The loss of 9,000 jobs and a $1 billion charge are being described as the cost of HP's transition to cloud (see all Techmeme coverage). Alas, I fear this is just the downpayment as cloud computing begins an inexorable reshaping of HP into a far more slender behemoth than we know today.
All that HP has really announced is an investment in "fully automated, standardized, state-of-the-art commercial data centers." That is not cloud computing, it's simply the long-overdue application of virtualization and IT automation to the superannuated, legacy data center infrastructure that HP acquired when it bought EDS. As VentureBeat reports, HP previously consolidated 85 separate data centers down to just six. Automation is simply the next step in squeezing out all the inefficiencies and Soviet-era obsolescence that my Enterprise Irregulars colleague Vinnie Mirchandani has often railed against in the big IT outsourcers' infrastructure.

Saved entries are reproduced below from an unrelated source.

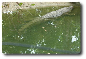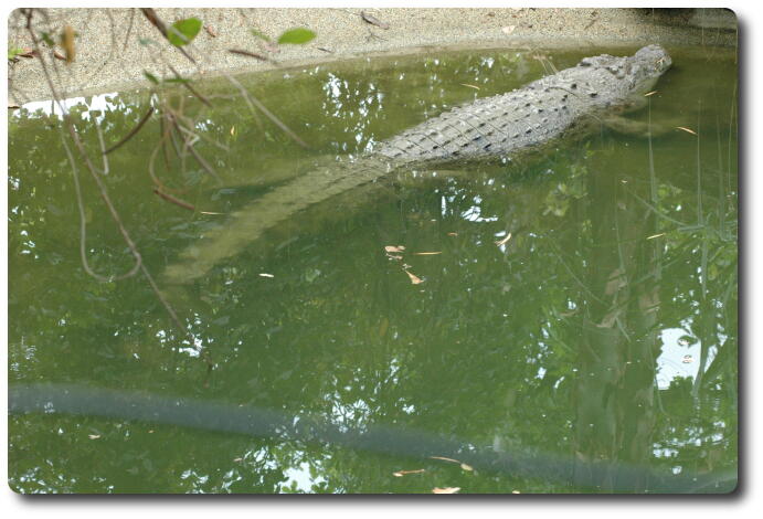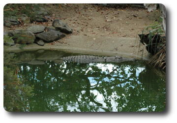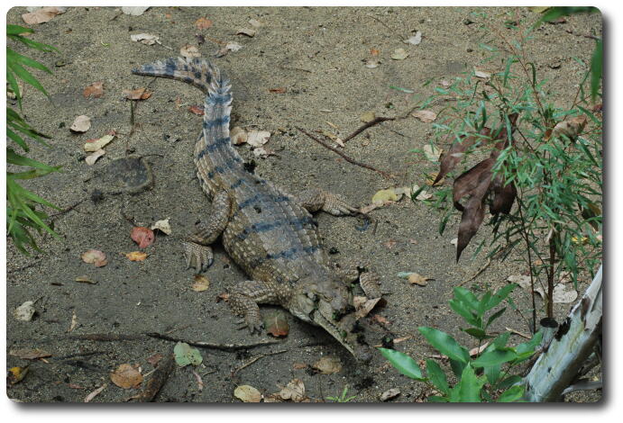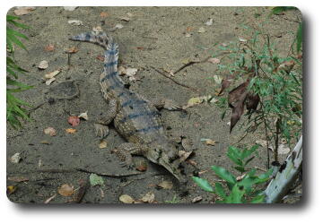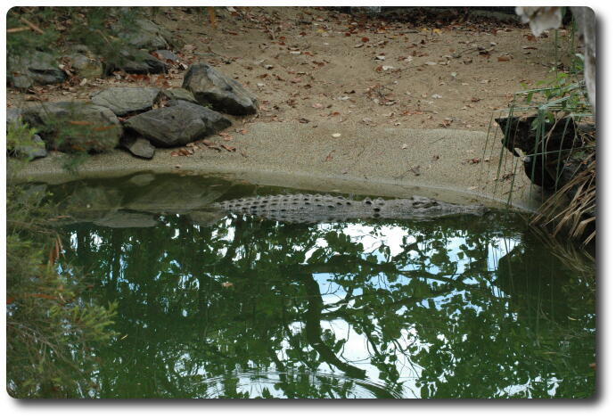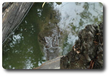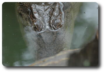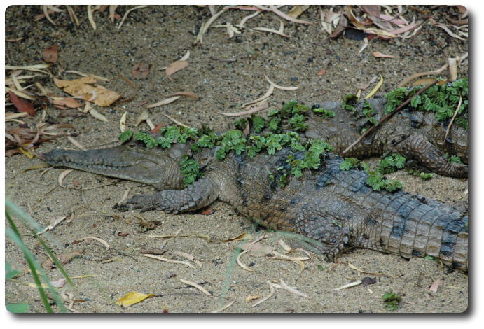 These two crocodiiles had been swimming in the pond, and caught some weed,
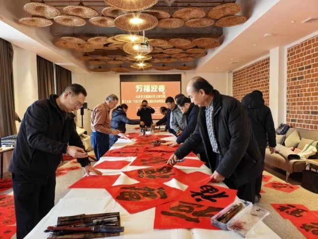 在山东工艺美术学院文化创意产业园会议室,山工艺资产管理处处长张振羽,财务处处长滕丕强,后勤管理处处长杨亚波,后勤管理处副处长孙春波,资产管理处副处长、文化创意产业园办公室主任尹怡朋,建筑与景观设计学院院长李文华,党总支书记姬升果、副院长胡英盛,党总支副书记姜华,资产处房产科科长韩英杰,山东省教育书协副秘书长刘金锋、翟圣亮、潘锐、梁成立,济南大学教授王书峰,山东工艺美院教授陈锋、徐学炳、朱员,山东工艺美院后勤员工等30余人参加分会场启动仪式。现场,八位书法家在3个小时内共创作了200余副春联,500多个福字,60余件书法作品。围观教师热情洋溢,高兴不已,红红的春联和福字透着浓浓的年味。教育书协将以此活动为起点,继续组织文艺志愿者把新春祝福送入百姓家。
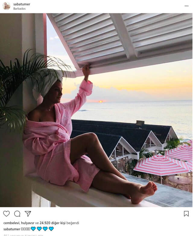 Sunduğu gece programları ile gündemde olan ünlü sunucu, programlara konuk olarak katıldığı zaman ise söylediği sözlerle gündemde olmayı başaran bir kadın. Şen kahkahalarıyla da izleyicilerini hayran bırakan, başarılı projelere el atan bir sunucu bayan kahkaha olarak bilinen sunucu ne yapsa olay oluyor. Güzel sonucu ekranlarda olmaya devam ediyor ve yaptıkları ile en çok konuşulan isimler arasında yer alıyor. Şu sıralar Barbados’a tatile giden ünlü sunucu Saba Tümer tatil fotoğrafları ile dikkat çekiyor. Saba Tümer, otelin balkonundan pembe bornozlu pozuyla takipçilerinin dikkatini çekti. Ünlü sunucunun fotoğrafına kısa sürede binlerce beğeni ve yorum geldi. İşte ünlü sunucu Saba Tümer’in çok konuşulacak o paylaşımı…
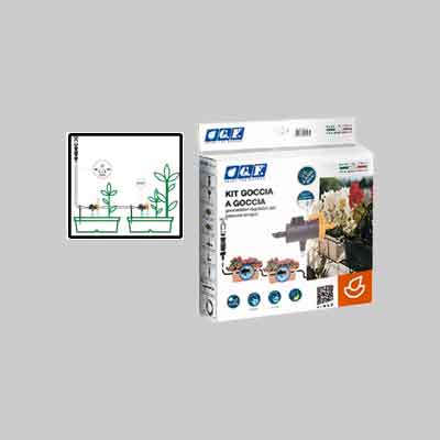 Assortimento completo per balcone, terrazzo o piccole aiuole. Composto da: 1 riduttore di pressione, 1 presa rubinetto 3/4", 20 m tubo capillare, 4 raccordi a T, 4 raccordi a L, 12 astine di supporto, 10 gocciolatori di linea, 2 gocciolatori di fine linea, 2 tappi fine linea.
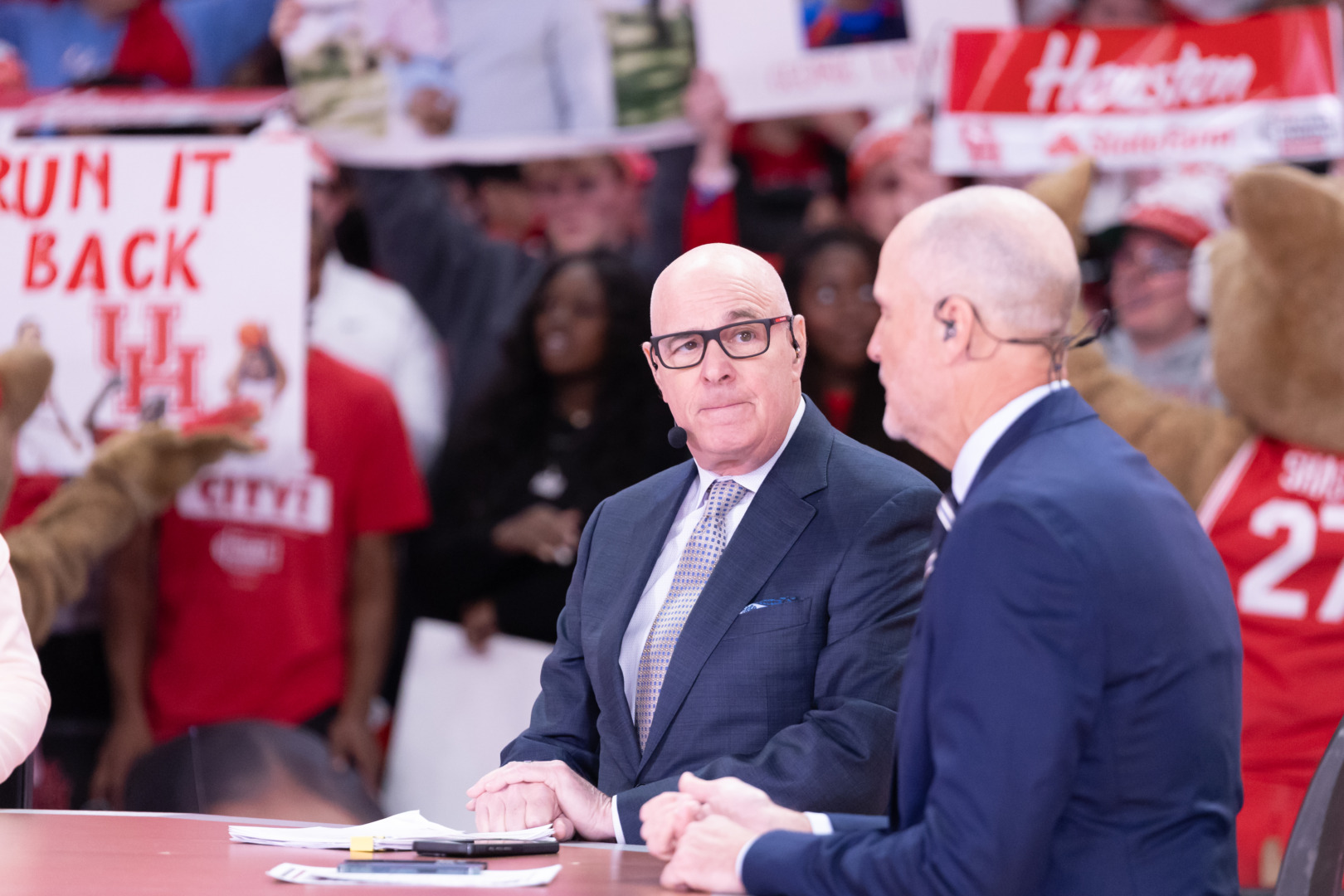 Analyst Seth Greenberg raises an eyebrow towards analyst Jay Bilas during ESPN College GameDay at the Fertitta Center, Saturday, Feb. 22, 2025 in Houston, Texas. | Raphael Fernandez/The Cougar
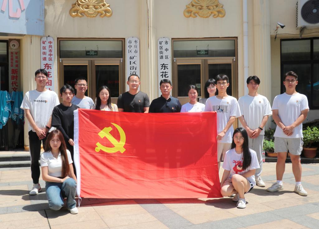 为持续推动主题教育走深走实,充分发挥党建引领和党员先锋模范作用,7月5日上午,公司党总支组织师生党员赴市中区矿区街道东花园社区开展“双报到”志愿服务活动。
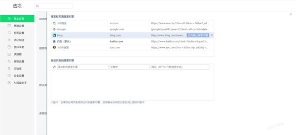 3.如果浏览器提供的搜索引擎中没有您想要的选项,您还可以自行添加。在搜索引擎管理页面的底部,会有添加搜索引擎的选项。按照提示输入搜索引擎的名称、网址和关键词信息添加即可。?
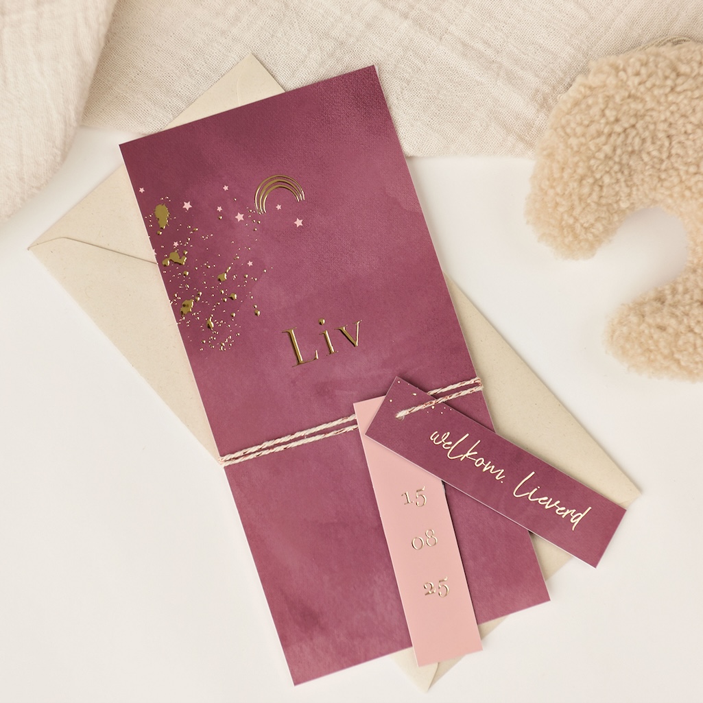 Dit is een prachtig geboortekaartje voor jullie dochter. Het kaartje heeft een paarse velvet-look achtergrond met goudfolie opdruk. Bij het kaartje horen twee labels. Op het ene label kan een lief tekstje worden geplaatst en op het andere label de geboortedatum van jullie kleintje. Het kaartje heeft een formaat van 21 × 10 cm. De bijpassende envelop die je kunt bestellen is 22 × 11 cm, zodat het kaartje er perfect in past.
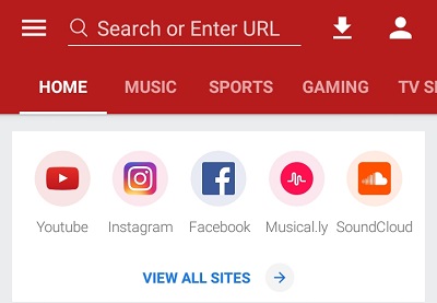 TubeMateと同じく人気の動画ダウンローダーが「Videoder」です。ブラウザ形式なのはTubeMateと同じですが、動画サイトへのリンクアイコンがトップに表示されており検索しやくなっています。
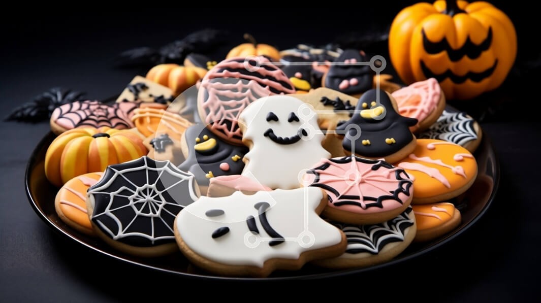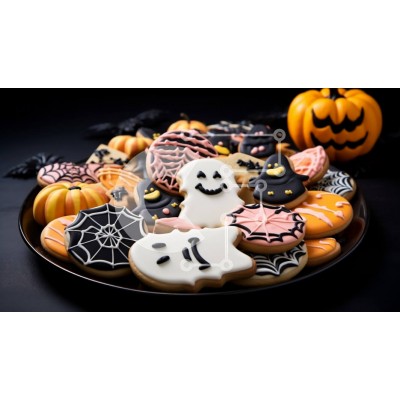 Υπάρχει δυνατότητα προσωποποίησης με δική σας φωτογραφία και προσαρμογής διαστάσεων κατόπιν παραγγελίας. Το συγεκεριμενο puzzle παρουσιαζει Αυτή η εικόνα δείχνει ένα μαύρο πιάτο γεμάτο με διάφορα μπισκότα με θέμα το Halloween, συμπεριλαμβανομένων κολοκύθες, φαντάσματα και νυχτερίδες. Τα μπισκότα τοποθετούνται πάνω από ένα πορτοκαλί τραπεζομάντιλο, δημιουργώντας μια οπτικά ελκυστική σκηνή. Στο βάθος διακρίνονται δύ

HP claims in its press statement that the move will result in "annualized gross savings of approximately $1 billion and net savings after reinvestment in a range between $500 million and $700 million." The implication is that all those savings will go to HP's bottom line, but the real cost of HP's move to cloud computing will come as it begins to offer its enterprise cloud services under pay-as-you-go, as-a-service contracts. In this hotly competitive market, the commoditization of services running on near identical virtualized software stacks will mean that HP's operational savings won't feed its own cash reserves. Instead, they'll be funneled directly to customers in lower prices.
That's when the cloud will really start to bite into HP's business structure, and if it fails to win enough market share, I fear the job losses and retrenchment it's going to suffer will make a $1bn charge and 9000 jobs look miniscule in comparison.